▶ **GIVEN INFORMATION**:
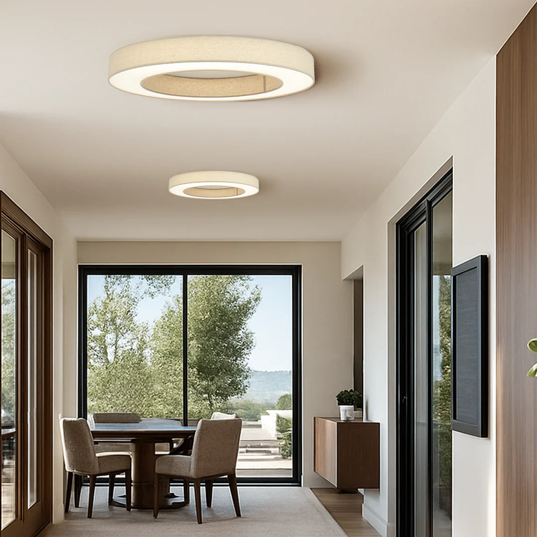 The Astana close-to-ceiling light brings a soft, contemporary feel to any interior with its sleek circular profile and refined fabric detailing. Its integrated LED panel provides efficient, even illumination with 3CCT selection from 3000K to 5000K, allowing you to tailor the ambience to your space. Finished with a gentle, diffused glow and TRIAC dimming compatibility, it’s a stylish and versatile choice for living areas, bedrooms or hallways.
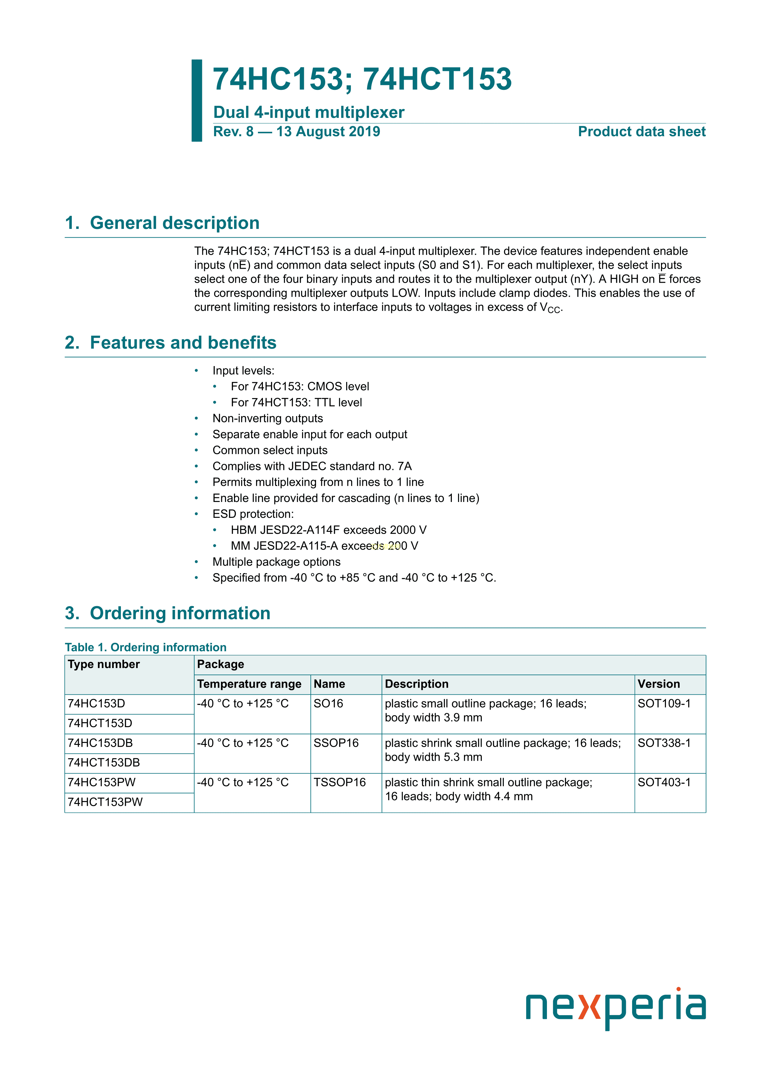 74HC153DB112数据手册SSOP-16封装Nexperia(安世)PDF规格书,中英文下载
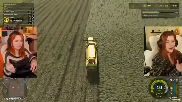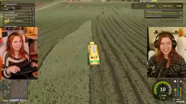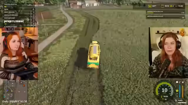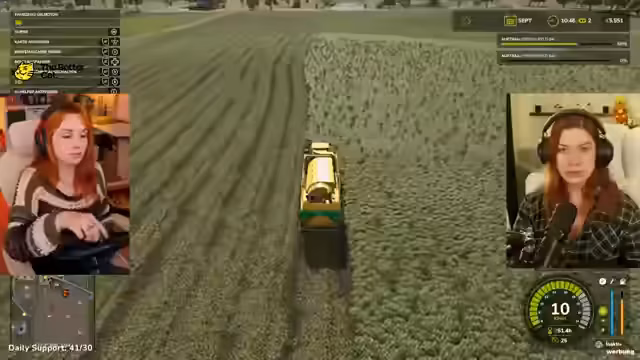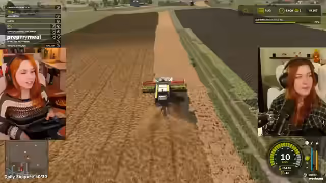 04:42:18Die Streamer kehren zum Farming Simulator zurück, stoßen aber auf mehrere Probleme. Zuerst ist unklar, wie man nach dem Grubbern das Feld richtig vorbereitet, da Walzen und Düngen nötig sind, was zu Verwirrung führt. Später gerät der Traktor mehrmals fest, was ein Zurücksetzen erfordert. Während der Arbeit wird über den Einsatz von gepachteten Geräten gesprochen, um effizienter zu sein, und es wird über die hohen Kosten von Geräten wie Sämaschinen diskutiert. Die Navigation auf der Map wird als schwierig empfunden, besonders bei der Suche nach dem nächsten Feld und der Umfahrung von Hindernissen wie Zäunen.
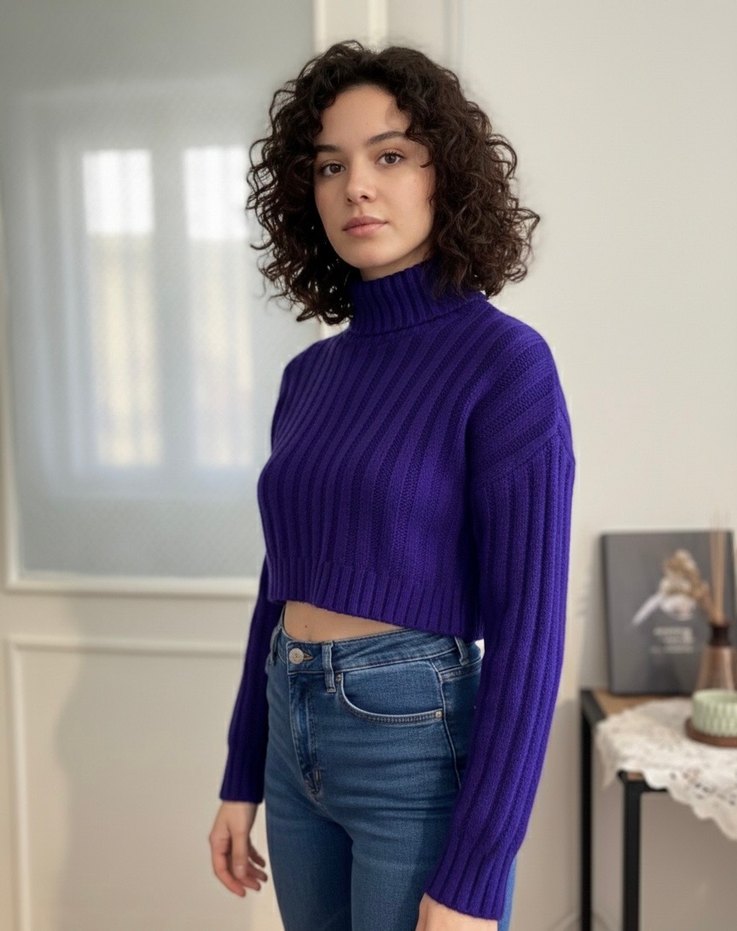 Mor boğazlı triko kazak, uzun kollu ve bol kesimdir. Normal midi boyda, desen içermeyen rahat bir tasarıma sahiptir. DeFactoS beden uygundur sayılı giyilmiştir

▶ **WHAT THIS TASK INVOLVES**: Copy verbatim the span that opens at the line with "04:42:18Die Streamer kehren" and closes at the final line of the listing. Do not carry over any pictures.

▶ **FINAL ANSWER**:
 04:42:18Die Streamer kehren zum Farming Simulator zurück, stoßen aber auf mehrere Probleme. Zuerst ist unklar, wie man nach dem Grubbern das Feld richtig vorbereitet, da Walzen und Düngen nötig sind, was zu Verwirrung führt. Später gerät der Traktor mehrmals fest, was ein Zurücksetzen erfordert. Während der Arbeit wird über den Einsatz von gepachteten Geräten gesprochen, um effizienter zu sein, und es wird über die hohen Kosten von Geräten wie Sämaschinen diskutiert. Die Navigation auf der Map wird als schwierig empfunden, besonders bei der Suche nach dem nächsten Feld und der Umfahrung von Hindernissen wie Zäunen.
 Mor boğazlı triko kazak, uzun kollu ve bol kesimdir. Normal midi boyda, desen içermeyen rahat bir tasarıma sahiptir. DeFactoS beden uygundur sayılı giyilmiştir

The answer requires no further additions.